▸ Task brief
Please return every record exactly, with no pictures included.

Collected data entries
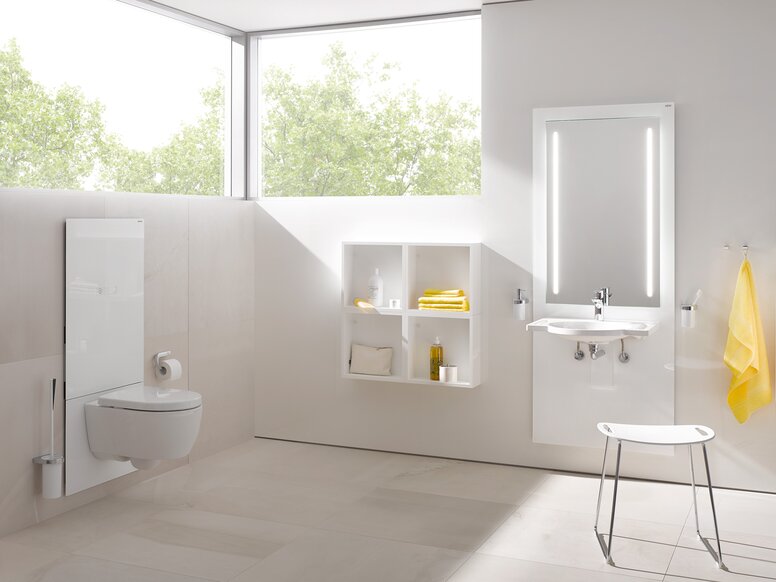 • Von Waschtisch über Accessoires bis hin zu Armaturen, Stützklappgriffen und -sitzen
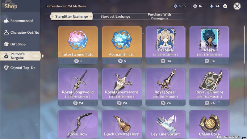 スターグリッター プレーヤーにリピートが与えられるたびに授与されます 4 または 5 つ星 武器やキャラクター。報酬の金額が異なります。 コンステレーションが不完全な4つ星のキャラクター スターグリッター 2 つと星 5 つに報酬 10 を与えます。星座が完成すると、報酬はそれぞれ 5 と 25 に変わります。武器の場合、改良に関係なく、報酬は 2 と 10 です。
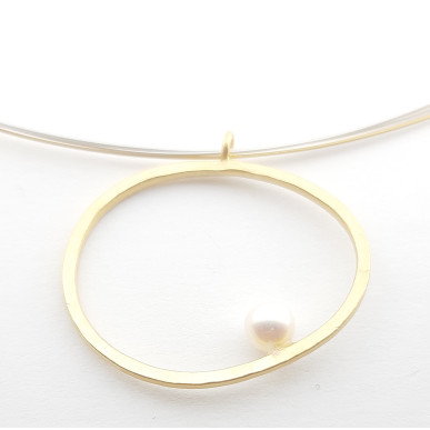Collar para mujer fabricado artesanalmente en plata de 1ª ley 925 mls, terminado en martele con baño de oro amarillo y perla de agua dulce de 5,25mm de diámetro , colgante en forma de medida largo x ancho 32,00 x 26,00mm , con cable de acero, largo total 43 cm. Cierre de serpiente.
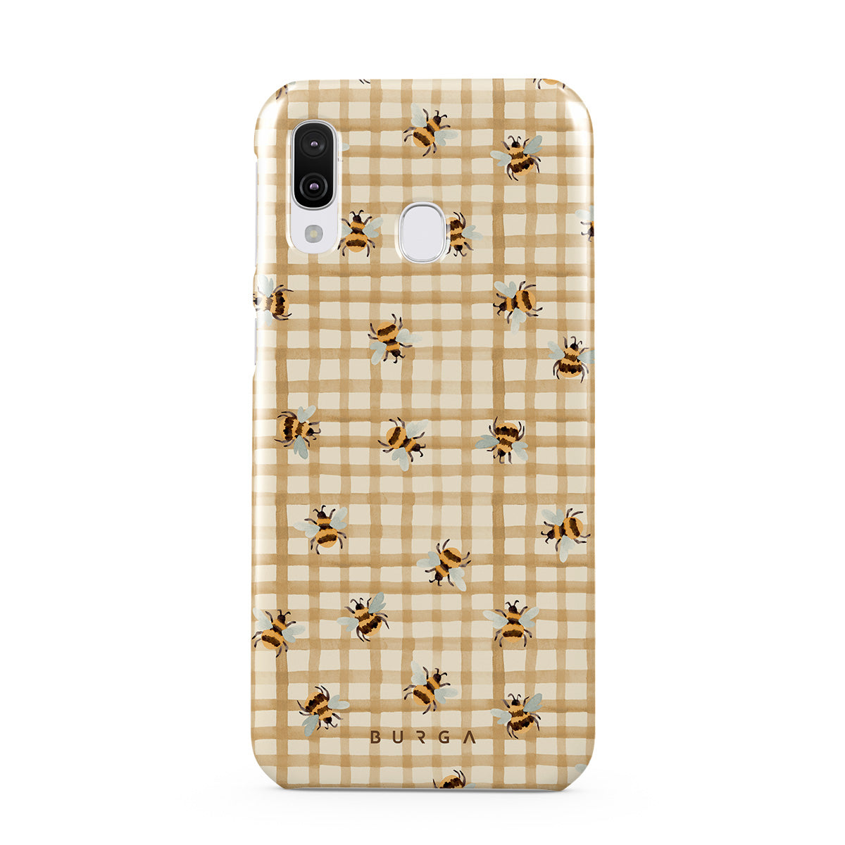 The Samsung Galaxy A40 phone case design is sweet without being cutesy. Bees and checks, yes, but it reads more clever than precious, like nature with good graphic design instincts.
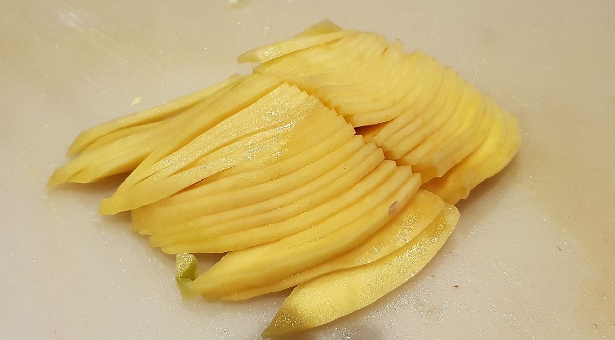 2) Peler la mangue avec un économe puis la couper en deux en passant autour du noyau. Découper chaque moitié finement en éventail puis en deux.

▸ Task response
 • Von Waschtisch über Accessoires bis hin zu Armaturen, Stützklappgriffen und -sitzen
 スターグリッター プレーヤーにリピートが与えられるたびに授与されます 4 または 5 つ星 武器やキャラクター。報酬の金額が異なります。 コンステレーションが不完全な4つ星のキャラクター スターグリッター 2 つと星 5 つに報酬 10 を与えます。星座が完成すると、報酬はそれぞれ 5 と 25 に変わります。武器の場合、改良に関係なく、報酬は 2 と 10 です。
Collar para mujer fabricado artesanalmente en plata de 1ª ley 925 mls, terminado en martele con baño de oro amarillo y perla de agua dulce de 5,25mm de diámetro , colgante en forma de medida largo x ancho 32,00 x 26,00mm , con cable de acero, largo total 43 cm. Cierre de serpiente.
 The Samsung Galaxy A40 phone case design is sweet without being cutesy. Bees and checks, yes, but it reads more clever than precious, like nature with good graphic design instincts.
 2) Peler la mangue avec un économe puis la couper en deux en passant autour du noyau. Découper chaque moitié finement en éventail puis en deux.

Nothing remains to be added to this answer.